Musha thinks there is probably no need to worry about this. Visits to Yasukuni Shrine are sparking a variety of repercussions in the United States, China and Korea. The United States could exert pressure on the Abe administration by adopting a cool stance about strengthening military cooperation and providing assistance for ending deflation. But these actions would have the opposite result of creating a negative impact. As a result, the United States is unlikely to alter its current stance regarding Japan. What about China and Korea? Retaining the current cool stance regarding Japan is probably the only course of action. But these two countries need to deepen their relationships with Japan in order to end their economic downturns. Consequently, irrespective of the Yasukuni problem, China and Korea will probably not further alienate Japan because this would result in an even greater negative impact on their economies. From the standpoint of the economies of both China and Korea, there is no doubt that strengthening diplomatic ties and economic cooperation with Japan is more important and beneficial than talking about the Yasukuni Shrine visits. This is why the Yasukuni issue will not last much longer.

(7) In closing, what risks do you envision in 2014?

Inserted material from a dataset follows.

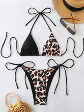Halter Splicing Leopard Bikinis 2025 Mini Micro Bikini Female Swimsuit Women Swimwear Two-pieces Bikini Set Bathing Suit Swim

Potential risk factors include the bursting of the asset bubble in China, a decline in the leadership of the Abe cabinet and the Obama administration becoming a lame duck. Musha thinks that these issues are unlikely to become serious problems for the time being. The most significant potential risk is an end to the U.S. economic recovery. This would cause the dollar to weaken and the yen to strengthen, which could in turn bring a halt to Japan’s economic recovery and stock market rally. If this happens, the United States would have to enact more monetary measures by returning monetary easing to the original level. Taking these actions would probably push up stock prices and encourage investors to buy more risk assets on a global scale. Furthermore, if there is a brief slowdown in U.S. economic growth, the slowdown may lead to new measures such as reforms of taxes and systems as well as fiscal initiatives. The bottom line is that despite the risk of a temporary loss of U.S. economic momentum, this weakness would probably not be fundamentally bad news for financial markets.